Hi I'm new here been vaping for 4 month's now and absolutely loving every moment of it and glad to be off the stinkies. I have a pico as my daily and yesterday I upgraded the firmware to v1.03 the new firmware includes puff counter and total time vaping and apart from the other screens and the preheat function that is now available with the firmware, what I need help with is resetting the puff and total time I can't seem to find a way to reset it if anyone knows please tell me how thanks.
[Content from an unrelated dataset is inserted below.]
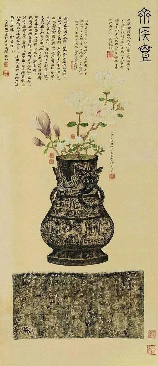 吴湖帆、潘静淑《齐侯壶拓片补玉兰》

Sent from my ALE-L21 using Tapatalk


----------



## Marechal (1/12/16)

SubZero said:


> Hi I'm new here been vaping for 4 month's now and absolutely loving every moment of it and glad to be off the stinkies. I have a pico as my daily and yesterday I upgraded the firmware to v1.03 the new firmware includes puff counter and total time vaping and apart from the other screens and the preheat function that is now available with the firmware, what I need help with is resetting the puff and total time I can't seem to find a way to reset it if anyone knows please tell me how thanks.
> 
> Sent from my ALE-L21 using Tapatalk




Jip had the same question so I asked Eleaf and this was the answer I got



What I do now when I actually want to use the counter like for battery life test, I load an older version 1.01 and reload v 1.03 for a fresh start.
hope they fix it in the new version

Reactions: Informative 1


----------



## SubZero (1/12/16)

Thanks, hope the they rectify it soon 

Sent from my ALE-L21 using Tapatalk


----------